Immagine di repertorio (Fotogramma)
Immagine di repertorio (Fotogramma)

"Se mi dovessi convincere di questa soluzione, non credo ci siano alternative, lo vedremo a tempo debito" ha detto il premier Giuseppe Conte a Pechino, parlando dell'ipotesi di dimissioni del sottosegretario Armando Siri e del modo in cui convincerlo a lasciare. "E' chiaro che quando riassumerò la posizione del responsabile del governo, la considerazione umana verrà tenuta in conto, ma non sarà determinante". "Ieri - ha detto il premier - ho parlato con lui, gli ho detto che non potevamo vederci perché partivo per la Cina, mi sono anche scusato perché c'è la considerazione umana nei confronti di una persona che aspetta il presidente del Consiglio che vuole spiegazioni". Intanto oggi i magistrati romani hanno depositato al tribunale del Riesame di Roma un'informativa della Dia in cui sarebbe contenuta l'intercettazione ambientale che riguarderebbe, secondo l'accusa, il sottosegretario Armando Siri. L'atto però, ha già spiegato l'avvocato Gaetano Scalise, difensore di Paolo Arata non è ancora arrivato alle parti. Il caso Siri non smette di essere al centro di un duro scontro all'interno del governo.

Sulle dimissioni Di Siri il Movimento non molla. Il sottosegretario sarà costretto alle dimissioni. Ne è convinto il vicepremier e ministro Luigi Di Maio che, in un'intervista al Corriere della Sera, è tornato ad attaccare il sottosegretario leghista invocando ancora una volta un passo indietro. Ma sulla tenuta della maggioranza, il capo del M5S rassicura: "Il governo è uno e c'è un contratto. Non si è rotto nulla, per noi va avanti. Vogliamo fare tante cose e in squadra. Mi auguro valga lo stesso per la Lega. Sapevo che non sarebbe stato semplice.
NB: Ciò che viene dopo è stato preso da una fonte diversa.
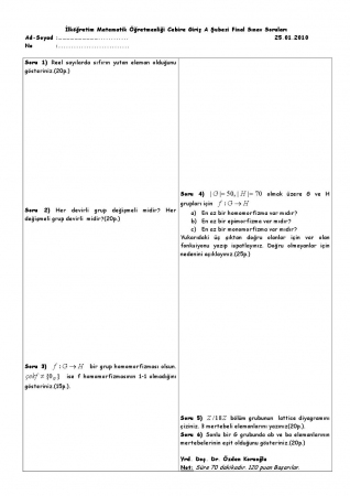 Cebire Giriş Dersi Final Soruları 2010 23-12-2015, 16:11

Non mi delude la Lega, mi impensierisce quando evoca crisi di governo irresponsabili".

Di Maio dichiara di fidarsi ancora dell'alleato Matteo Salvini, vicepremier e ministro dell'Interno: "Di lui sì, meno di chi gli sta intorno". Il riferimento è "a questo Paolo Arata che avrebbe scritto il programma sull'energia della Lega, che lo propose alla guida dell'Autorità Arera e che, per le inchieste, è il faccendiere di Vito Nicastri, vicino alla mafia. Credo che la Lega debba prendere le distanze da lui e chiarire il suo ruolo, visto che il figlio è stato assunto da Giorgetti". Secondo Di Maio, dunque, Salvini "deve rispondere ai cittadini, non a noi. Noi abbiamo fatto quello che dovevamo, togliendo le deleghe a Siri. Questo attaccamento alla poltrona non lo capisco. Gli abbiamo chiesto un passo indietro. Continui a fare il senatore, non va mica per strada. Certo che Conte dovrebbe spingerlo alle dimissioni. E lo farà, ne sono sicuro. Deciderà lui come".

Dal canto suo Salvini fa capire che la corda sta diventando davvero troppo tirata. "Siri? Non commento quello che decideranno altri, parlo di vita reale" ha detto a margine di un'incontro per le amministrative. "Io di pazienza ne avrei, ma la gente si avvicina per fare selfie, stringermi la mano e mi dice: Matteo, ma questi 5 Stelle vogliono continuare ancora così? Ti attaccano sempre? Perché non rompi?", ha detto in un colloquio sulle pagine di Repubblica. "Io non voglio fare polemica, nonostante tutto quel che mi è stato detto in queste ore - assicura il responsabile del Viminale - ma mi chiedo se la mia stessa pazienza ce l'hanno ancora gli elettori che hanno voluto questo governo". Quanto a Di Maio, "non l'ho sentito e non rispondo alle provocazioni". Salvini si sofferma dunque sul caso Siri, con il premier Giuseppe Conte chiamato a fare da 'arbitro', "il presidente del Consiglio è libero di incontrare chi vuole - dice il leader della Lega - Io con Siri ho parlato, mi ha detto di essere tranquillo e tanto mi basta. Per me deve restare al suo posto". "Spero abbia modo di spiegare ai magistrati - prosegue il ministro dell'Interno - che in un Paese normale lo avrebbero chiamato dopo un quarto d'ora, non settimane dopo".